Les méthodes d’authentification

Voici un article publié dans le site Web Securisa.com le 19 janvier 2005 et dans le bulletin « La sécurité simplifiée », vol. 1, no.11 (2001/11/05):

Dans le bulletin numéro 9, nous vous avions parlé des différentes fonctions de sécurité que l’on doit considérer en sécurité informatique. Une de ces fonctions concernait l’authentification. Dans cet article, nous vous présenterons différentes méthodes d’authentification.

Authentification avec un mot de passe réutilisable

Cette méthode d’authentification consiste à entrer un compte et un mot de passe réutilisable pour s’authentifier à un serveur. Le mot de passe peut-être transmis en clair ou il peut être chiffré.

Exemples: Lan Manager, NTLM v2, Kerberos, SSH.

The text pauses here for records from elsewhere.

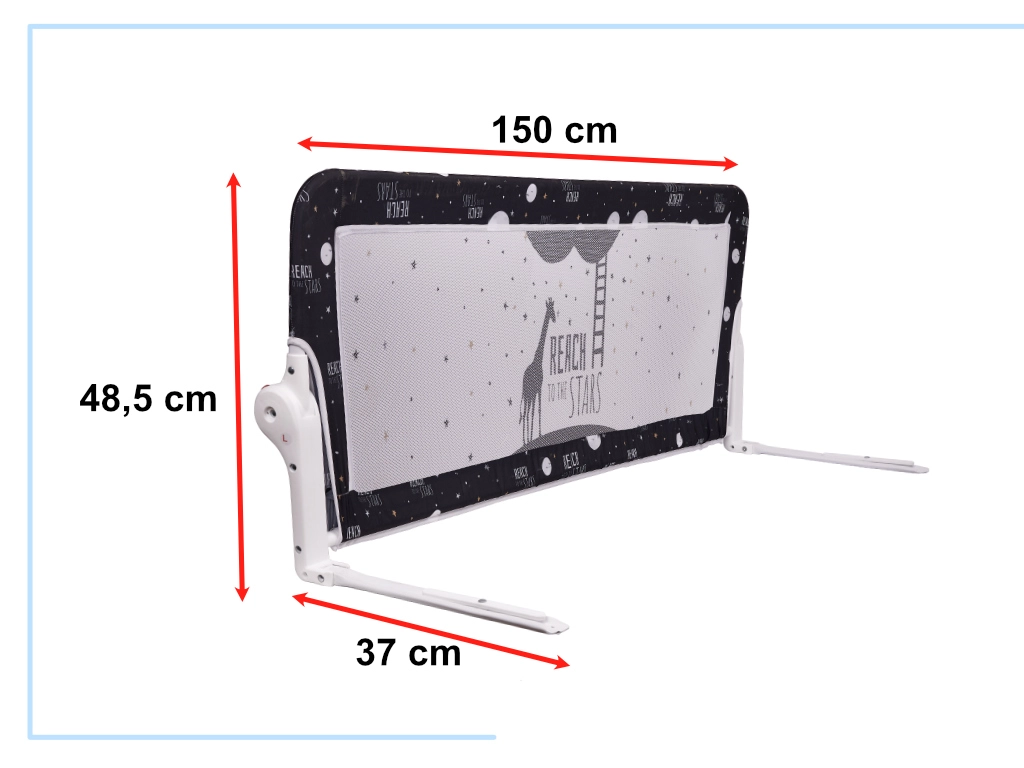 Paigaldus on kiire: libistage raam tekstiilkattesesse, lükake toejalad madratsi alla ja ongi valmis – ilma puurimise ja tööriistadeta. Tänu klapihingedele saab piirde hõlpsalt klappida madratsitasemest allapoole, et oleks mugav voodit teha või toodet hoiustada. Hingav võrk on meeldiv puudutusele ning kaitseb samal ajal turvaliselt kukkumise eest.
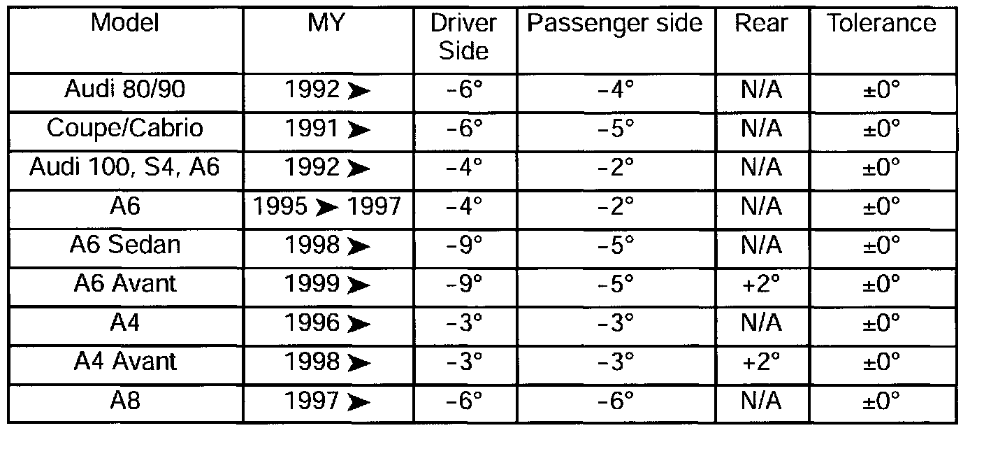 - Apply 24mm wrench -1- to adjustment tool and twist -arrows- wiper arm -2- to obtain specifications according to table below.
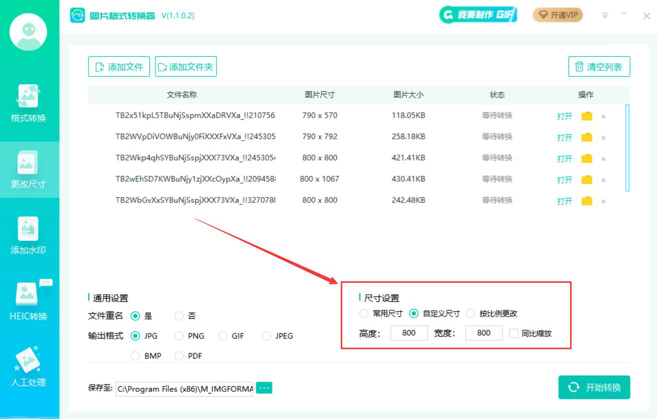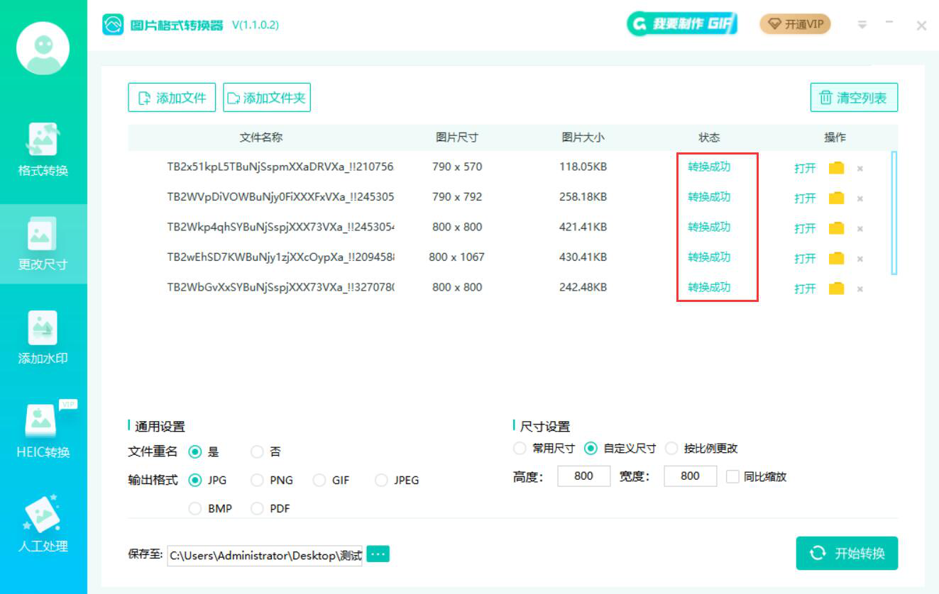 很多人拍完图片后,上传某些网站,才发现图片太大了,上传了好久都没上传完。就算是上传完的图片,打开时也是加载不出来。为了解决这一问题,我们可以用转转大师图片格式转换器批量更改图片尺寸。可能很多人都没用过该软件,所以,下面为大家讲解转转大师图片格式转换器如何批量更改图片尺寸。  转转大师图片格式转换器如何批量更改图片尺寸? 1、首先,我们打开转转大师图片格式转换器,点击切换至“更改尺寸”操作界面,并点击界面左上方的“添加文件夹”按钮。  2、在弹出的窗口中,我们选择需要批量更改尺寸的图片,并点击“确定”按钮,将其导入转转大师图片格式转换器。  3、然后,我们在转转大师图片格式转换器中,根据自己的需要设置图片批量更改尺寸后的文件重名和输出格式。  4、接下来,我们可以看到图片格式转换器有三种尺寸设置的方式,这里选择的是“自定义”,并且将高度和宽度都设置为800。  5、图片批量更改尺寸的文件重名、输出格式、尺寸都设置完成,如果保存路径需要更改,我们就点击图片格式转换器界面左下方的“…”按钮。  6、在图片格式转换器弹出的窗口中,我们选择图片批量更改尺寸后的保存路径,再点击“确定”按钮。  7、接着,我们点击界面右下方的“开始转换”按钮,图片格式转换器便开始批量更改图片的尺寸。  8、最后,当状态栏中全部显示转换成功,那说明图片格式转换器已经批量更改图片尺寸,并将它们保存到指定的路径中了。  想要更改图片的尺寸,而且图片的数量比较多,无需一张张更改尺寸,我们可以用图片格式转换器批量更改图片尺寸,提高图3. 曾经以为过不去的,终究会过去。痛苦有时候是一种提升,否则,我们流的眼泪也就毫无意义。片处理的效率。 -

Authentification avec un mot de passe à usage unique

Comment son nom l’indique, un mot de passe à usage unique est un mot de passe qui n’est valide qu’une fois. Il y a beaucoup de nouvelles composantes logicielles et matérielles d’implantation de mot de passe à usage unique et elles tendent à se regrouper en deux catégories : composantes synchronisées (en anglais « time synchronised ») et composantes stimulation-réponse (en anglais « challenge-response »).

Composantes synchronisées

Avec une authentification avec des composantes synchronisées, la carte de mot de passe (une composante logicielle ou matérielle servant à générer un mot de passe) et le serveur ciblé (celui qui authentifiera) génèrent un nouveau  » mot de passe  » à chaque 30 secondes, utilisant un algorithme prédéfini qui utilise la date, l’heure et « un secret partagé » pour générer un nombre aléatoire. L’usager utilise le nombre courant affiché et le transmets au serveur ciblé avec son identifiant. Le serveur compare ce nombre avec celui qu’il a également généré et connecte l’usager lorsque les nombres sont identiques.

Exemple: SecureID de Security Dynamics.

Composantes stimulation-réponse

Avec une authentification avec des composantes stimulation-réponse, le serveur cible transmet une  » stimulation  » à l’usager (habituellement une chaîne numérique ou alphanumérique) qu’il saisie dans sa carte de mot de passe. La carte calcule une réponse basé sur l’algorithme prédéfinie avec une valeur secrète partagée et affiche une réponse. L’usager retourne cette réponse et le serveur compare la réponse avec celle qu’il a calculée. Si les réponses sont identiques alors l’usager est authentifié.

Exemple: « SecureNet » de Digital Pathways.

Authentification par des techniques cryptographiques

Il existe deux méthodes d’authentification chiffrée : une à clés symétriques et une à clés asymétriques.

Clés symétriques (ou clés secrètes)

Un système de chiffrement à clé secrète, dit aussi symétrique, repose sur le partage entre deux personnes en communication, d’une même clé secrète utilisée à la fois pour le chiffrement des données et pour son déchiffrement. Par exemple, pour transmettre un message, on réalise au préalable le chiffrement d’un message avec un algorithme avec deux paramètres, le message et la clé ce qui va donner un fichier incompréhensible pour quelqu’un qui l’intercepte. Dans un second temps, le récepteur du message qui lui a l’algorithme et la clé correspondant au fichier va obtenir les données en clair. La clé doit être échangée préalablement à la communication par un canal sûr autre que le canal à protéger, téléphone, courrier, échange direct. En plus, du partage de la clé, les interlocuteurs choisissent un algorithme permettant le cryptage des données, cet algorithme peut constitue de lui-même le secret à partager pour les anciens système particulièrement.